▸ **Information given**
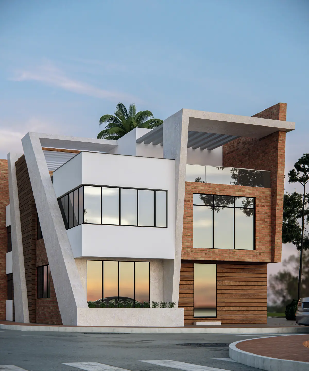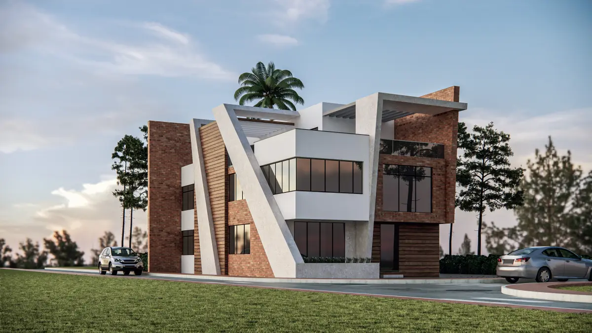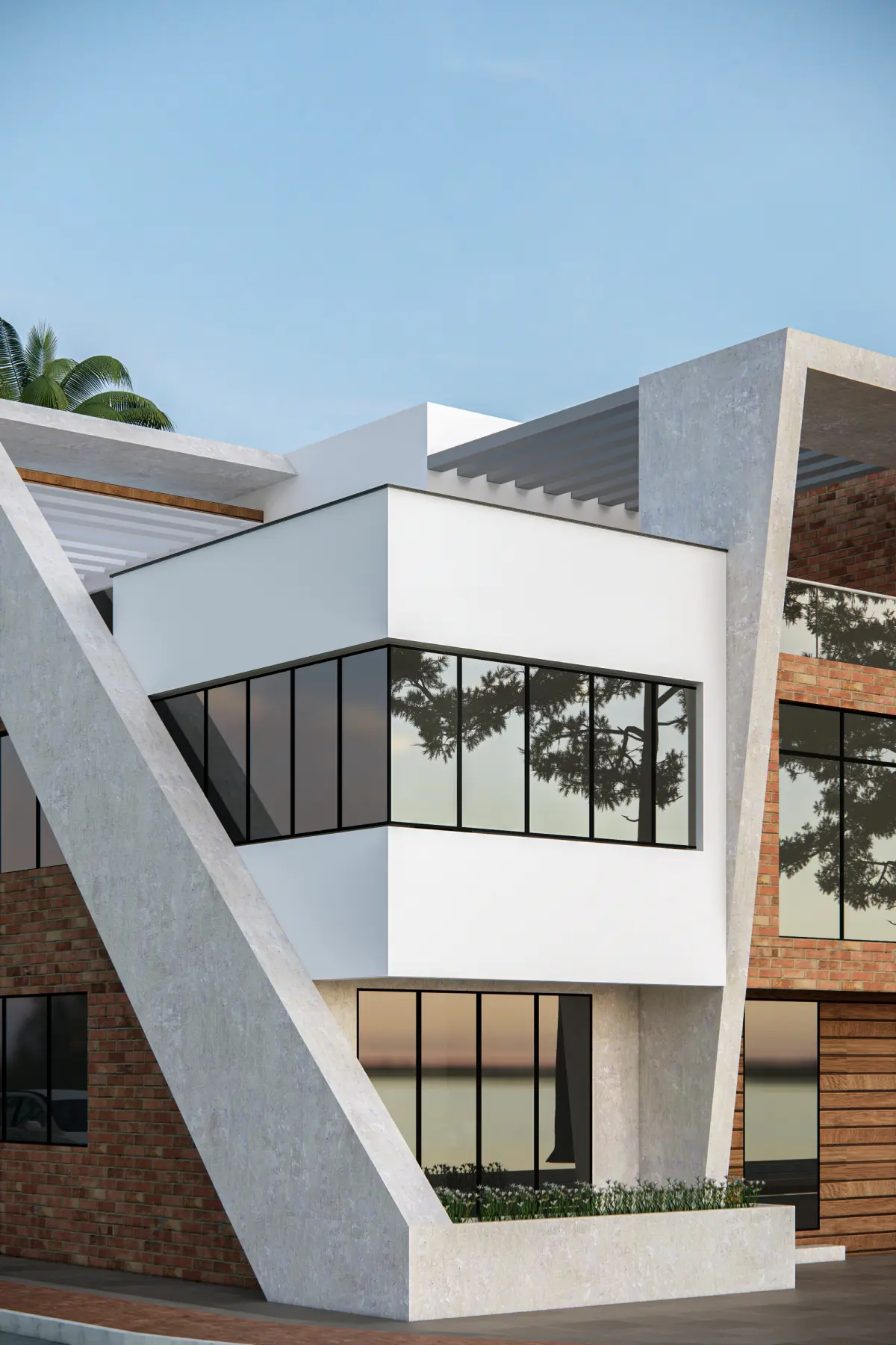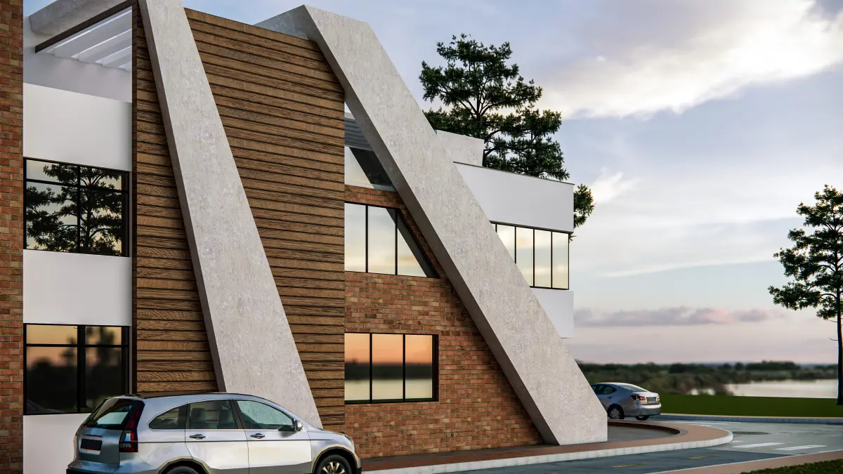 - Elegant Material Palette: A clean blend of vertical wood paneling, concrete textures, and aluminum framing enhances realism and architectural appeal.
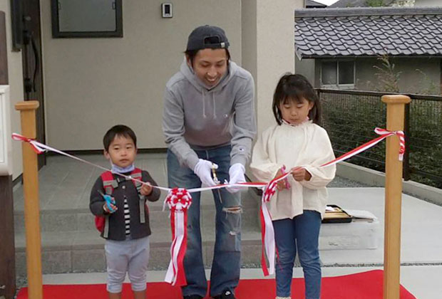 合志総合住宅展示場アドバイザーの江口です。 先日、見学会でもお世話になった、K様邸のお引渡し式に参加しました。 私たちアドバイザーは通常展示場でお会いするだけということが多く、お客様のお引渡し式に参加することはほとんどありません。今回は、サプライズで参加させていただきました。 K様との出会いは4年ほど前。まだ県外にお住まいで、熊本に里帰りされた時に、以前あった光の森の展示場でお会いしたのが始まりでした。そのとき、「木の家の気持ちよさ」をとても気に入っていただいたのを覚えています。 その後、2年前に熊本に住まいを移され、その夏にKKT合志総合住宅展示場で再びお会いしました。県外にお住まいの間も「インスタグラムで新産住拓のすまいを見ていましたよ」とうれしいお話が聴けました。 引き渡し当日は2人のお子様、さーちゃんとさっくんもテープカット。 【写真1:テープカット】 【写真2:カギ】 初めての鍵開けにニコニコ顔で参加され、さっそく自分たちの部屋の案内をしてくれました。さーちゃんがピンク、さっくんがグレーのカーテンを得意げに見せてくれました(^^) 子ども部屋は、将来分けることができるようになっており、いずれ部屋を分けるときに工事が要らないよう、はめ込み式のパーテーションが採用されていました。(パーテーションもすでに準備され、押し入れの中にしまってありました。)設計の橋口の提案とのことでしたが、いいアイディアだと思いました。 この日は私達より先に訪問者(小さなクモさん)があり、さっくんが手厚いおもてなしをしていました。クモさんもビックリだったでしょう。 【写真3:クモさん】 K様は、ご夫婦とも光の森の“TJ天気予報”という美容室で働かれています。そのセンスの良さで、このお家を少しずつ“オンリーワンのお住まい”に造り上げていかれることでしょう。 K様、ご新居の完成おめでとうございます。これからもこのご縁を大切に繋げていただけたらと思っています。 KKT合志総合住宅展示場 江口
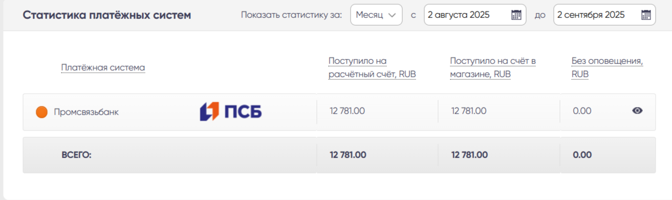 Напротив каждой платежной системы выведена статистика по суммарному обороту денежных средств, прошедших за выбранный период. Период устанавливается в фильтре дат, расположенном над блоком статистики.
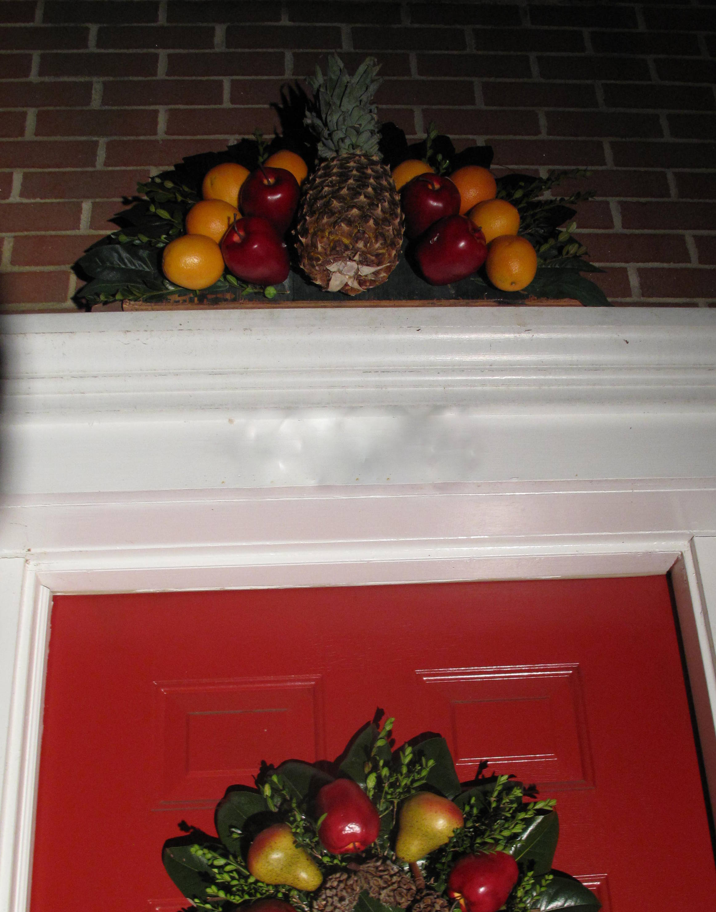 The other day I showed you how to make a Williamsburg inspired fruit wreath. Well today I’m back with his companion piece, an over the door fruit fan. Surprisingly easy and fun to make.
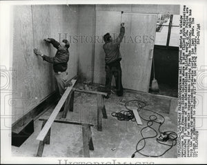 1969 Press Photo San Franisco Workers nail plywood sheets to Windows san Francisco State College
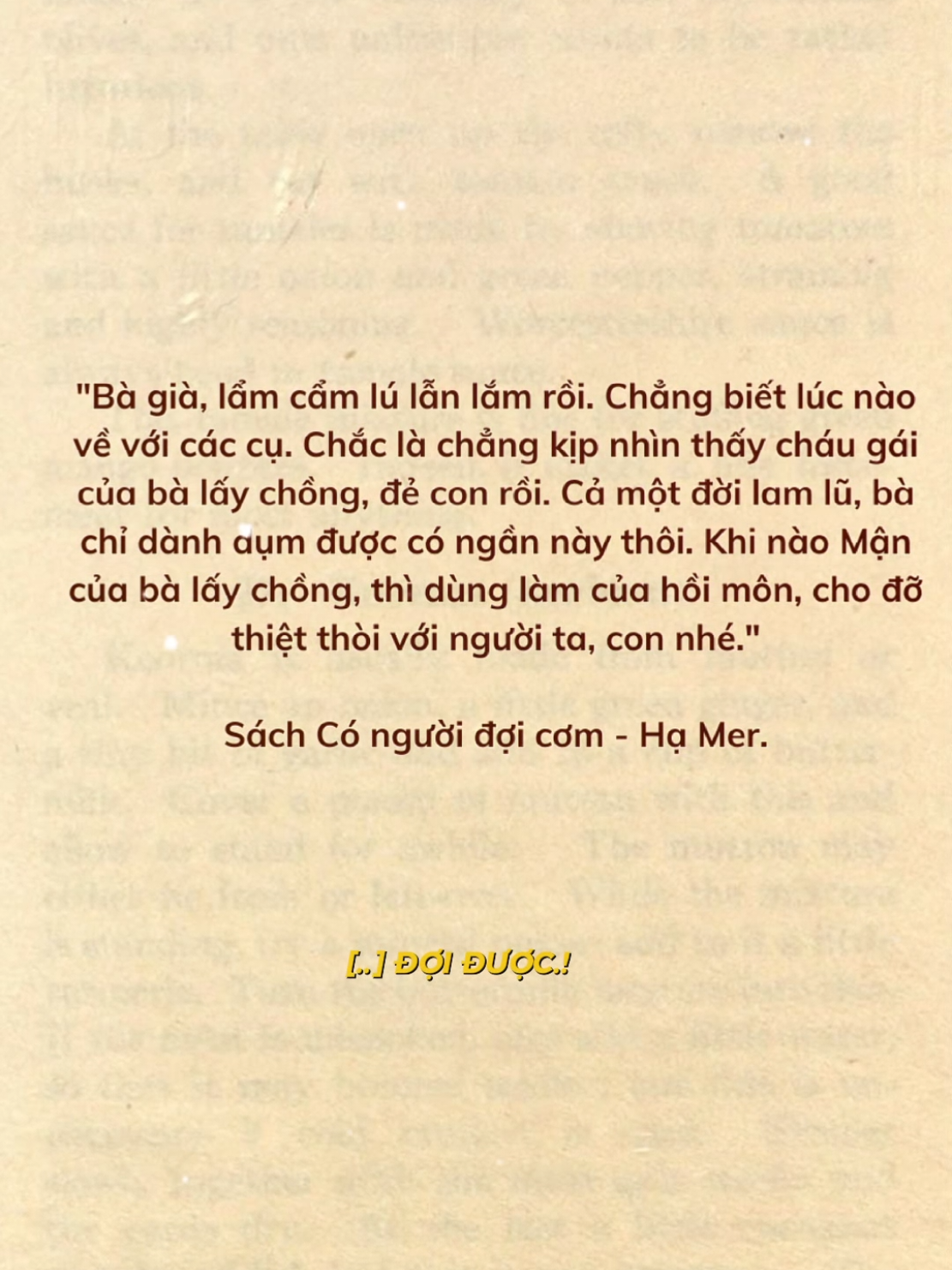 "Bà già, lẩm cẩm lú lẫn lắm rồi. Chẳng biết lúc nào về với các cụ. Chắc là chẳng kịp nhìn thấy cháu gái của bà lấy chồng, đẻ con rồi. Cả một đời lam lũ, bà chỉ dành dụm được có ngần này thôi. Khi nào Mận của bà lấy chồng, thì dùng làm của hồi môn, cho đỡ thiệt thòi với người ta, con nhé." Có người đợi cơm - Hạ Mer. #conguoidoicom #hamer269 #BookTok #truyenngan #giadinh
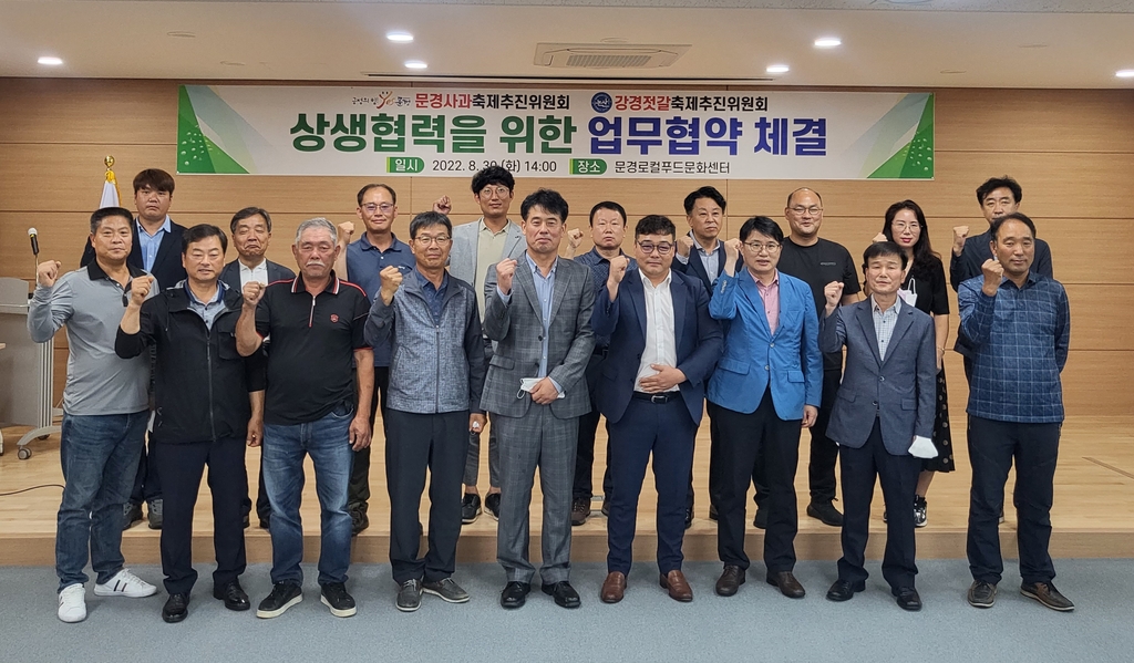 (문경=연합뉴스) 홍창진 기자 = 경북 문경시 사과축제 추진위원회는 충남 논산시 강경젓갈축제 추진위원회와 양 도시 축제 성공을 위해 상생 협력 업무협약을 했다고 31일 밝혔다.
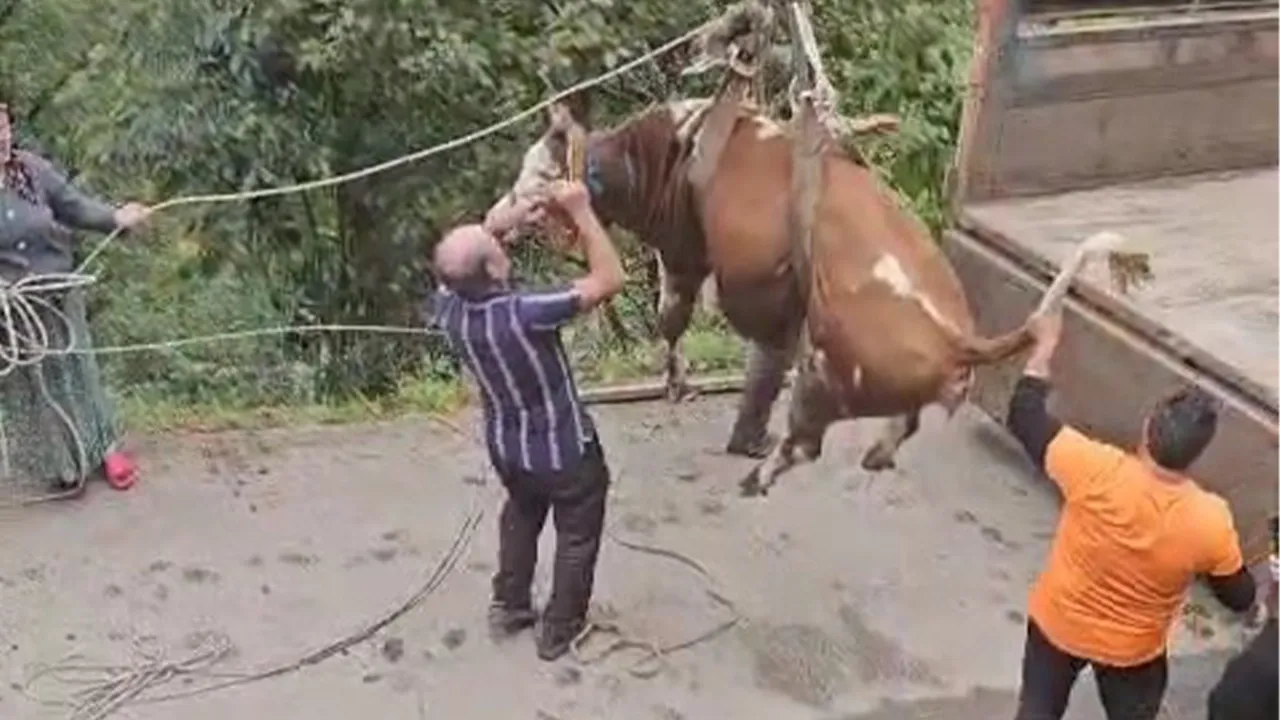 Rize’nin Çamlıhemşin ilçesinde yoldan aşağıya yuvarlanan inek bulunduğu yerden vinçle kurtarıldı.
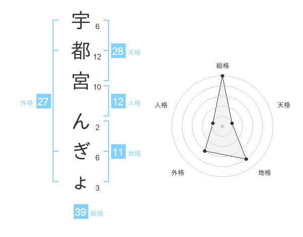 宇都宮 んぎょさんの総格は39画の5点!
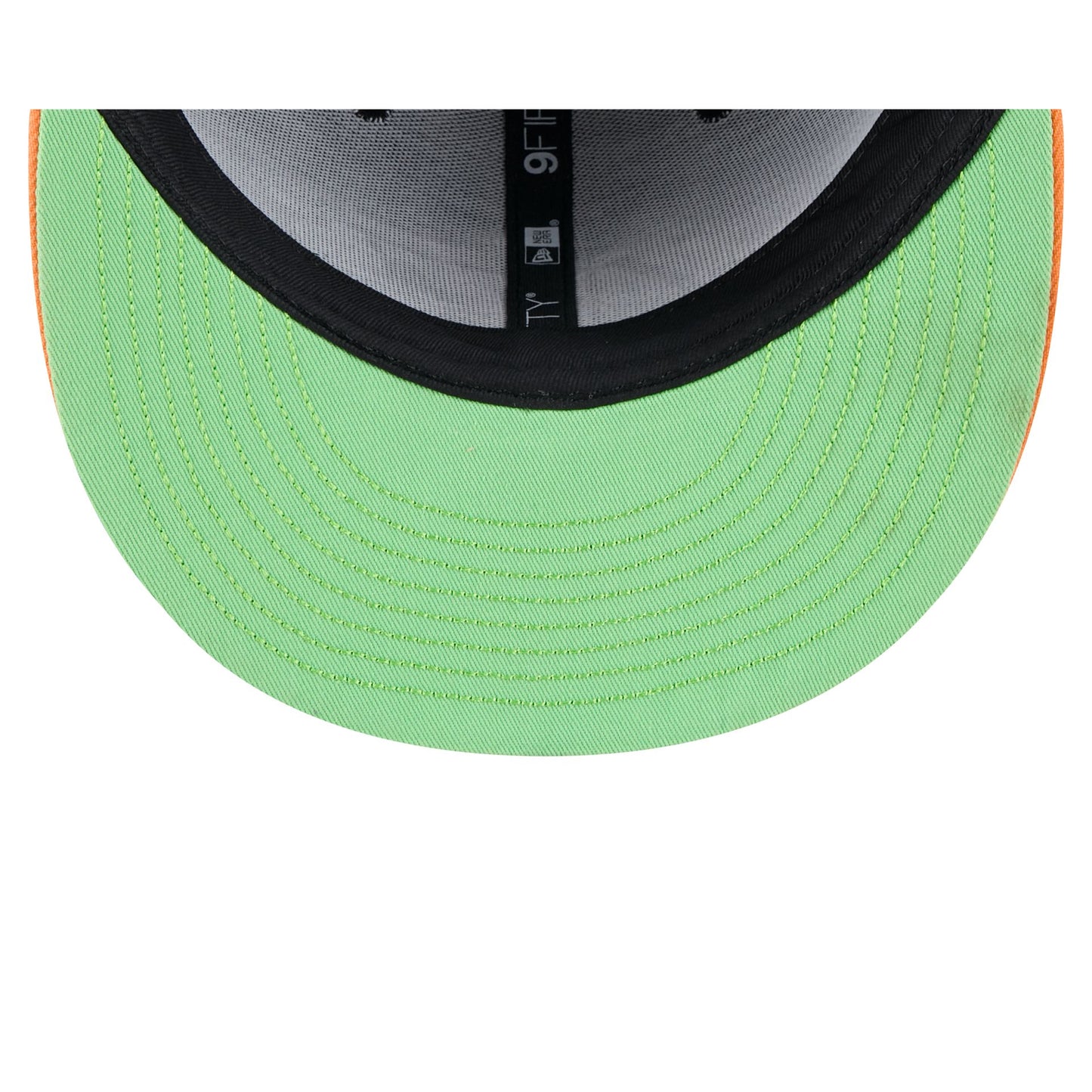 The Nickelodeon Slime x New York Jets 9FIFTY Snapback features an embroidered Jets slime logo at the front panels with a slime splash on an orange visor. Additional details include an adjustable snapback closure at the rear and a neon green undervisor.

▸ **Problem details**
Please write out, word for word, only the lines from the one holding "(문경=연합뉴스) 홍창진 기자" through the end of the records above, with both end lines included and the pictures dropped.

▸ **Response to this exercise**
 (문경=연합뉴스) 홍창진 기자 = 경북 문경시 사과축제 추진위원회는 충남 논산시 강경젓갈축제 추진위원회와 양 도시 축제 성공을 위해 상생 협력 업무협약을 했다고 31일 밝혔다.
 Rize’nin Çamlıhemşin ilçesinde yoldan aşağıya yuvarlanan inek bulunduğu yerden vinçle kurtarıldı.
 宇都宮 んぎょさんの総格は39画の5点!
 The Nickelodeon Slime x New York Jets 9FIFTY Snapback features an embroidered Jets slime logo at the front panels with a slime splash on an orange visor. Additional details include an adjustable snapback closure at the rear and a neon green undervisor.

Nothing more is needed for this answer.